Fullerene/Non-fullerene Alloy for High-Performance All-Small-Molecule Organic Solar Cells

Organic solar cells (OSCs) that contain small molecules only were prepared with FG1 as the donor, a narrow band gap non-fullerene acceptor MPU4, and a wide band gap PC71BM. The OSCs based on optimized FG1:MPU4 (1:1.2) and FG1:PC71BM (1:1.5) active layers, respectively, gave power conversion efficiencies (PCEs) of 11.18% with a short circuit current (J(SC)) of 19.54 mA/cm(2), open circuit voltage (V-OC) of 0.97 V, and fill factor (FF) of 0.59, and 6.62% with a J(SC) of 12.50 mA/cm(2), V-OC of 0.84 V, and FF of 0.63%, respectively. A PCE of 13.26% was obtained from the optimized ternary FG1:PC71BM:MPU4 (1:0.3:0.9) OSCs and this arises because of the boost in a J(SC) of 21.91 mA/cm(2) and FF of 0.68. The V-OC of the ternary OSCs (0.89 V) lies between those for the OSCs based on FG1:MPU4 and FG1:PG(71)BM, which indicates the formation of an alloy of the two acceptors. The increase in J(SC) and FF in the ternary OSCs may result from the efficient energy transfer from PC71BM to MPU4 as well as more charge-transfer donor/acceptor interfaces, enhanced charge carrier mobilities resulting in better adjusted charge transport, and lower bimolecular and trap-assisted recombination. The appropriate phase separation, increased crystallinity, and reduced pi-pi stacking distance in the ternary active layer are consistent with the enhancement in the FF for OSCs based on a ternary active layer.

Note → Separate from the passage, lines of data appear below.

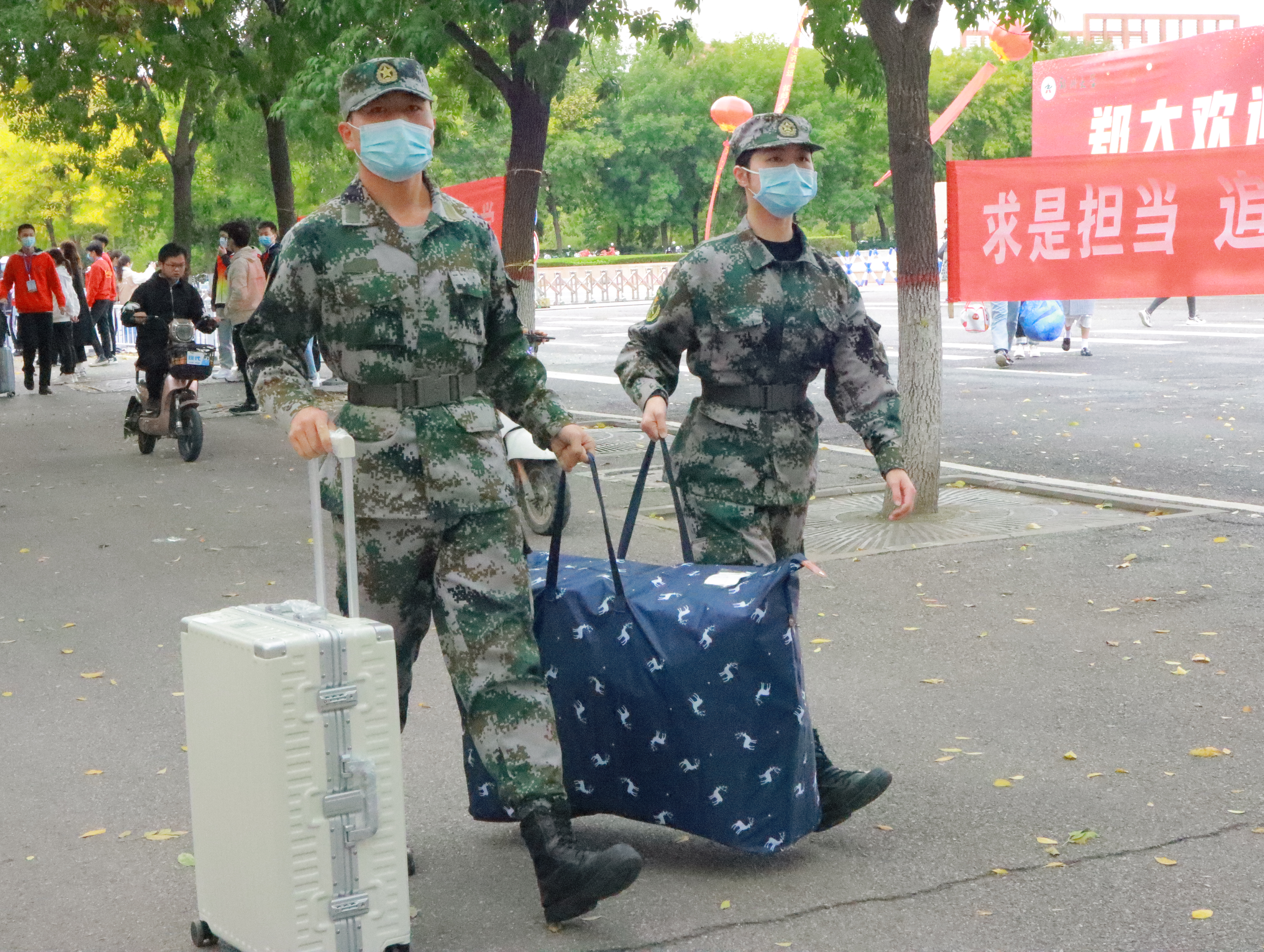 历史学院2021级新生闫旭带了五件行李,开学之前一直担忧家长无法进校自己没办法顺利到达宿舍。“没想到我一路上受到了志愿者的各种帮助,顺利完成报到以及核酸检测,我父母听说后也放心了。”她深有感触地说。
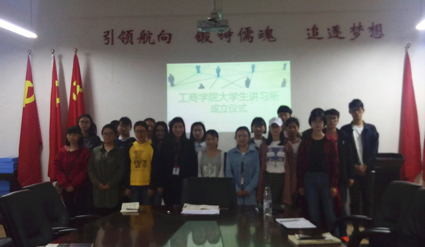 为了增强大学生学习十九大精神的实效,让大学生们用自己的视角来更积极参与到学习、宣传十九大精神中来,2018年4月10日下午,工商学院大学生讲习所在崇德楼306会议室成立,工商学院团委书记孔淑华、宣讲团成员以及学生代表参加了此次成立仪式。
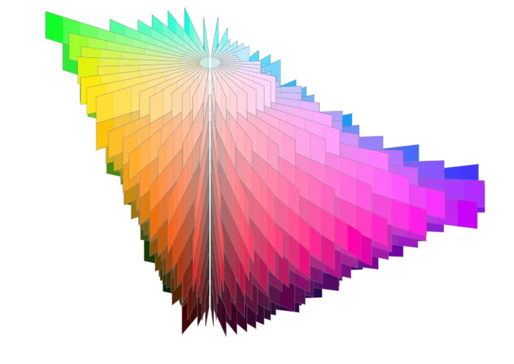 下図は、各種の色を正確に表示することを目的としたマンセル表色系の色立体の例です(色相数 40)。

The results of this work suggest the merging of the fullerene acceptor into the non-fullerene acceptor to form a fullerene/non-fullerene acceptor alloy, and this may be a viable approach to obtain high-performance OSCs.

Automated summary

By optimizing the ratio of donor and acceptor materials, incorporating a blend of fullerene and non-fullerene acceptors into the active layer of organic solar cells has resulted in improved photovoltaic performance. The study suggests that the appropriate phase separation, increased crystallinity, and reduced π-π stacking distance in the ternary active layer are consistent with enhanced fill factors for the solar cells.